Anti-growth effect of curdione in the SK-UT-1 xenograft tumor model. SK-UT-1 xenograft tumor models were established, and randomly divided into three groups (n = 5), and then injected intraperitoneally (i.p.) with 100 or 200 mg/kg/d curdione, or same volume saline. Tumor volume and body weight were measured every three days. 21 days later, all mice were sacrificed. Representative images of (A) tumor-bearing nude mice and (B) subcutaneous dissection of tumor tissue were photographed, (C) tumor weight, (D) tumor volume, and (E) body weight was determined and recorded. (F) The pathological injury of liver and kidney tissues was assessed by the H&E staining (×200 magnification). Scale bars = 100 μm.
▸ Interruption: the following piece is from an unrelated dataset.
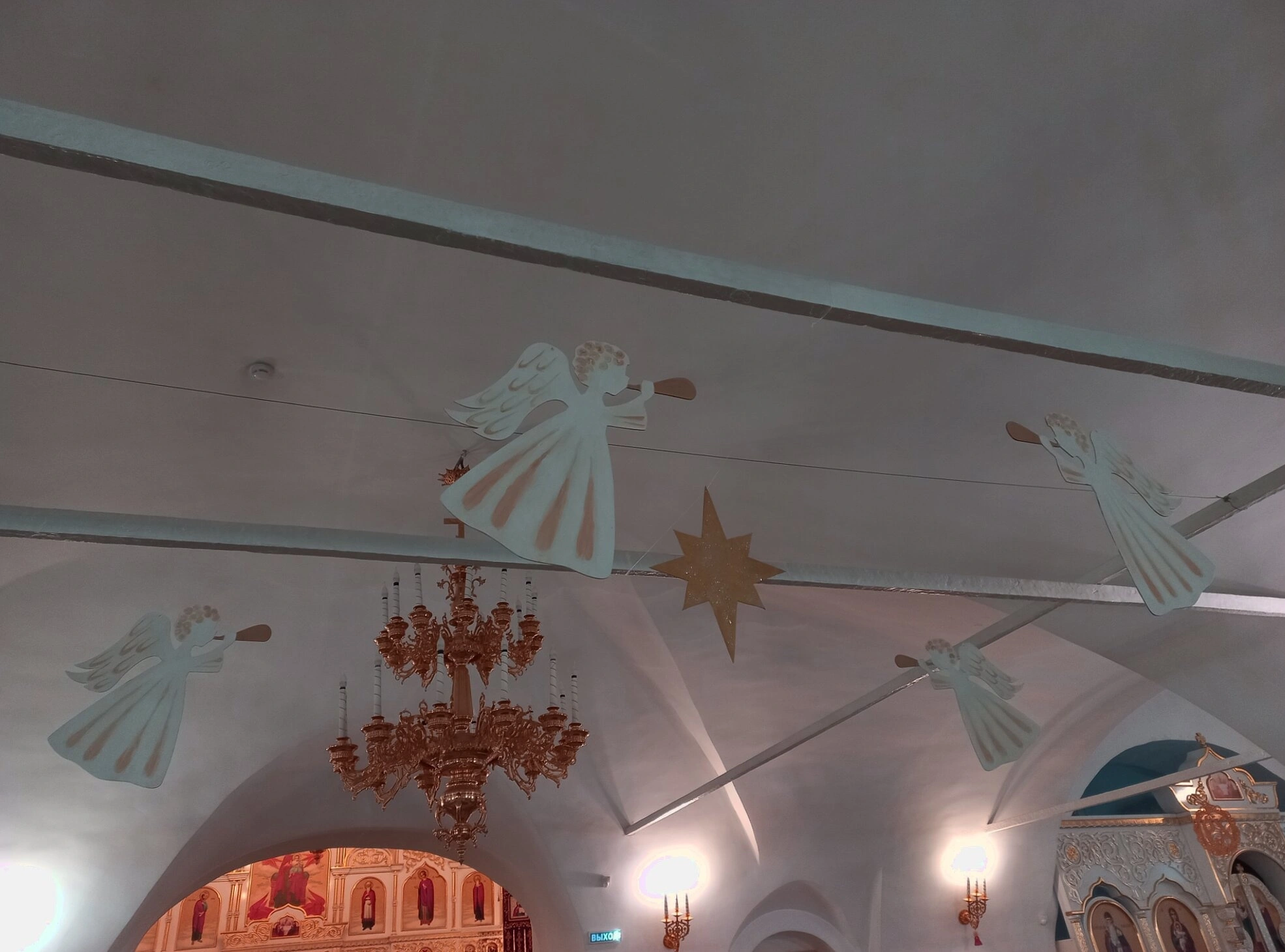 В центре композиции изображения находится массивное золочёное паникадило — храмовая люстра, символизирующая собой небесные силы и освещающая молитвенное пространство собора. Под потолком запечатлены декоративные элементы: фигуры ангелов, возвещающих благую весть, и сияющая Вифлеемская звезда, указывающая путь к Рождеству Христову.
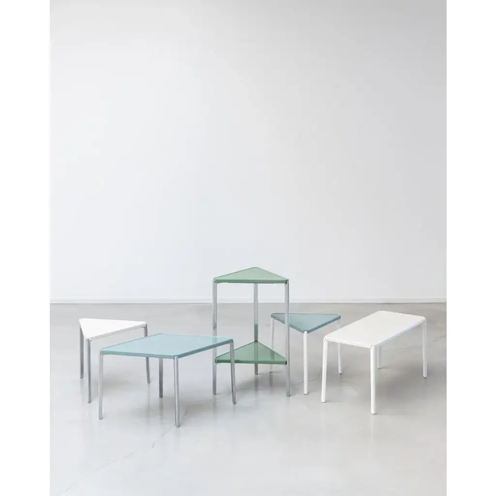 Magis' Tambour low table, designed by Ronan and Erwan Bouroullec, is a versatile coffee table for both indoor and outdoor use. Constructed with an aluminum frame and a concrete tabletop, the coffee table pairs raw industrial esthetics with a gentle color palette. Practical details, such as the subtle edges of the tabletop, add the finishing touch to the overall design. Tambour tables are created to seamlessly blend into various environments, whether it's a vintage-inspired interior or a space embodying modern minimalism, in a private residence or perhaps a restaurant. Launched in 2012 and expanded in 2023, the Tambour collection reflects the Bouroullec brothers' exceptional ability to strike a balance between formal elegance and uncomplicated simplicity. The various sizes and shapes within the series also allow for delightful combinations.

All data were presented with mean ± SD, n = 3. *P < 0.05, **P < 0.01 compared with control.

Figure 9

IDO1 mediates the suppressive effect of curdione in the SK-UT-1 xenograft tumor model. (A) Western blotting detection of protein expression of IDO1, cleaved caspase-3, Beclin1, LC3, p62 in tumor tissue. (B) Immunohistochemistry staining of Ki67, IDO1, LC3, p62, cleaved caspase-3, and TUNEL in tumor tissue (×200 magnification), Scale bars = 100 μm. (C) Expression scores of Ki67, IDO1, LC3, p62, cleaved caspase-3, and TUNEL was calculated according to immunostaining intensity and positive expression rate. All statistical analysis data were present with mean ± SD, n = 3. *P < 0.05, **P < 0.01 compared with control.